Over the past two decades, much had been learned about perioperative cardiac issues and the resultant short- and long-term complications. This chapter addresses their demographics, risk factors, and management. It is divided into sections of the most commonly encountered postoperative cardiac complications; postoperative myocardial infarction, congestive heart failure, atrial fibrillation, and ventricular arrhythmias.
POSTOPERATIVE MYOCARDIAL INFARCTION
Postoperative myocardial infarction (PMI) is a distinct clinical entity from nonpostoperative myocardial infarction (MI). Compared with patients presenting to emergency departments with MI, patients with PMI die nearly twice as often.

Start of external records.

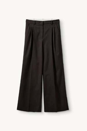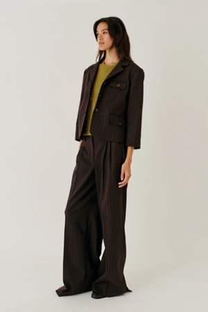 The Andora Pants by The Garment feature a mid rise with pleat detailing and a wide leg. They feature classic pinstripes for a tailored look. Color: Dark Brown Pinstripe Fabrication: Wool/Polyester Blend Fit Notes: These pants have a relaxed fit. The Garment Sizing: 4: XXS 6: XS 8: S 10: M 12: L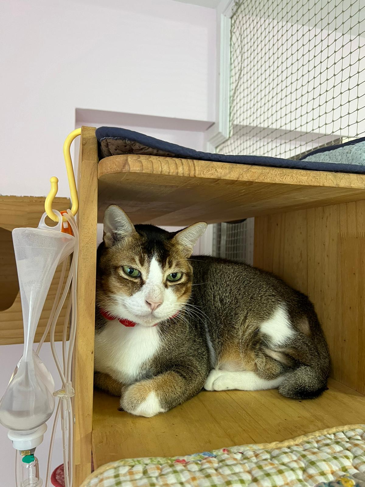Night: mmm:”He wasn’t eating” – I know he is choosy but this afternoon I touch his kidneys really Erm. If he kidney problem how? Should I Subcut him? Obvious right? What if I can’t come as frequent? Better than nothing right!!? Sigh so all means have to bring him go vet. Then I’ll bring both him n Kerry. But then Ps, rena they all how? Have to think again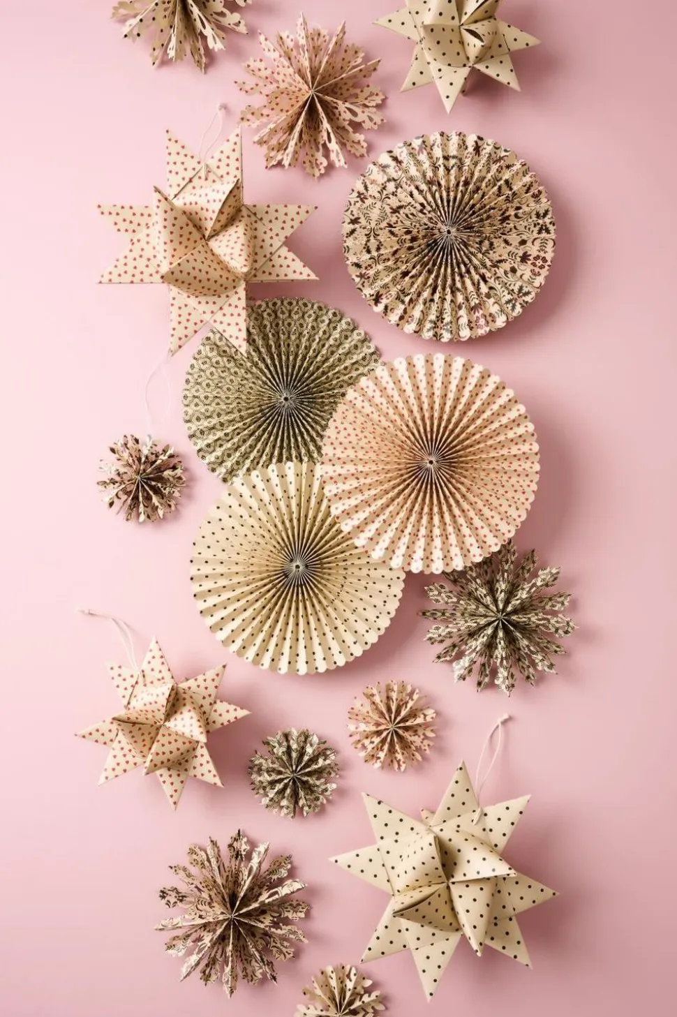 Flettet stjerne t/ophæng lille m/røde hjerter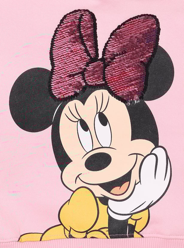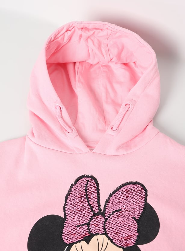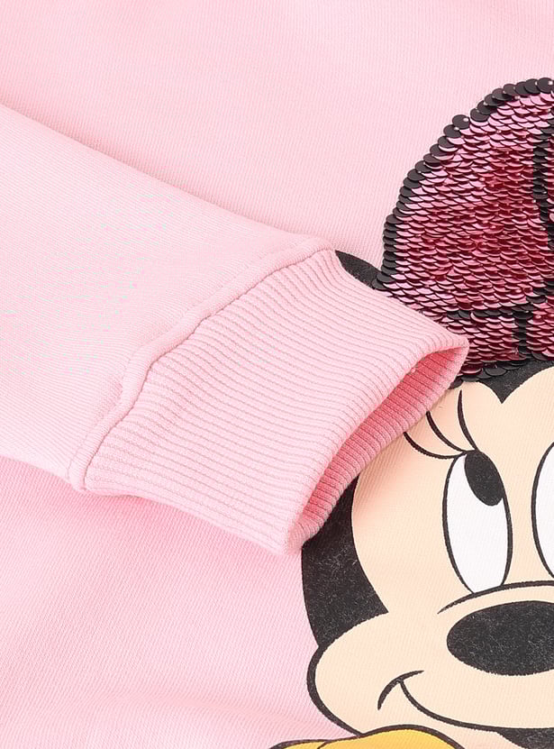 This girls’ Minnie Mouse sweatshirt features charming sequin detailing that adds a playful sparkle to her outfit. Designed with a hood, full sleeves, and ribbed hems, it offers comfort with a touch of Disney magic.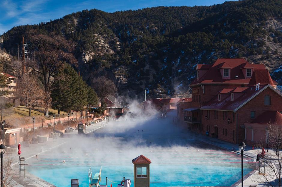 One of the largest mineral hot spring pools in the world, Glenwood has drawn visitors since 1888. The main pool is more like a warm lake, stretching over 400 feet, and also features a separate therapy pool. The resort includes a lodge, spa, and water slides in summer, and while day passes are available, staying on-site grants early access.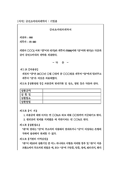 금전소비대차계약서 - 기업용 요약정보 및 구매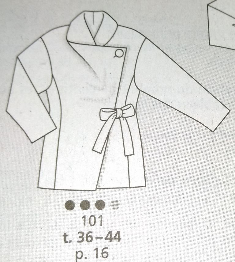 J’aime beaucoup cette veste. Plus particulièrement les différentes façons de la porter. Comme le montre les photos; fermée avec le bouton haut sur le col, ou le col à revers lâché et le pans asymétrique noué sur le côté. Elle inspire le confort et va de la taille 36 au 44.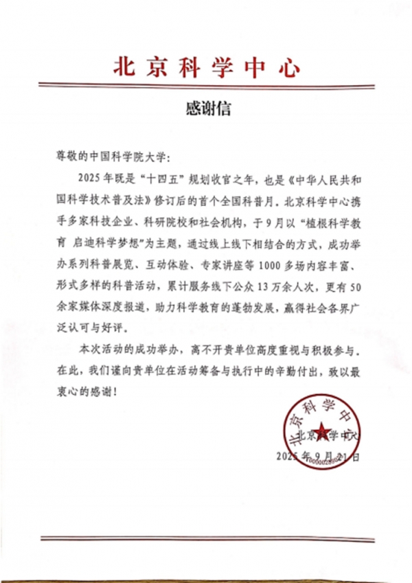 近日,人文学院收到北京科学中心发来的感谢信。信中对我院在北京科学中心全民科普月系列活动中的付出,以及我院师生的积极配合致以诚挚感谢。

The incidence of PMI is dependent upon patient risk factors and the type of surgery and the technique used. Reported rates of PMI and associated mortality have varied widely in the literature because of differences in patient selection, changes over time in surgical and anesthetic techniques, differences in screening strategies and definitions of PMI, and the ever-increasing sensitivity of biomarkers for myocardial necrosis. Nonetheless, PMI remains a common and devastatingly morbid postoperative complication.

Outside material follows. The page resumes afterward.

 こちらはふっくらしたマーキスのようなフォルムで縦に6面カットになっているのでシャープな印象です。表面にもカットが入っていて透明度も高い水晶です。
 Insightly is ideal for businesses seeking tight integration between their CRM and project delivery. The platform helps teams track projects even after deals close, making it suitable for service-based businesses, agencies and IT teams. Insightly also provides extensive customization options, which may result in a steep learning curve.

There are three major conditions associated with the rise of cardiac biomarkers in the perioperative period. Two of these are defined by Third Universal Definition of Myocardial Infarction Consensus, published in 2012, which describes Type I PMI as infarction secondary to plaque rupture and intracoronary thrombus formation and Type II PMI as an infarction secondary to a mismatch between the supply of oxygen and the metabolic demands of the myocardium. The third cause of biomarker rise has generated several names, most recently described as nonischemic myocardial injury with necrosis.
Traditional MIs result from an acute coronary syndrome (ACS). More to the point, a vulnerable plaque experiences a spontaneous rupture, fissuring, erosion, or other event leading to intracoronary thrombus and downstream infarction. In the perioperative period, a number of contributing mechanisms exist including an increase in inflammation with an associated hypercoagulable state and an increase catecholamine secretion leading to increase shear stress on preexistent coronary plaques. The end result is intracoronary plaque rupture, which initiates the coagulation cascade, leading to thrombus and infarction. Electrocardiographically there may be ST segment elevations, Q waves, or less specific ST segment depressions or T-wave changes.
Type 2 PMI is associated with myocardial oxygen supply and demand imbalances and occurs in operative and nonoperative settings. The main driver for type 2 PMI is tachycardia secondary to factors such as increased adrenergic tone, postoperative pain, systemic vasodilation, hypovolemia, anemia, and the withholding of chronic β-receptor blocking medications. Patients with fixed coronary disease and increased left ventricular mass possess increased risk for this mechanism of injury. Electrocardiographically this presents with ST-depression, nonspecific T-wave changes or even a normal electrocardiogram (ECG) much more commonly than ST-segment elevation.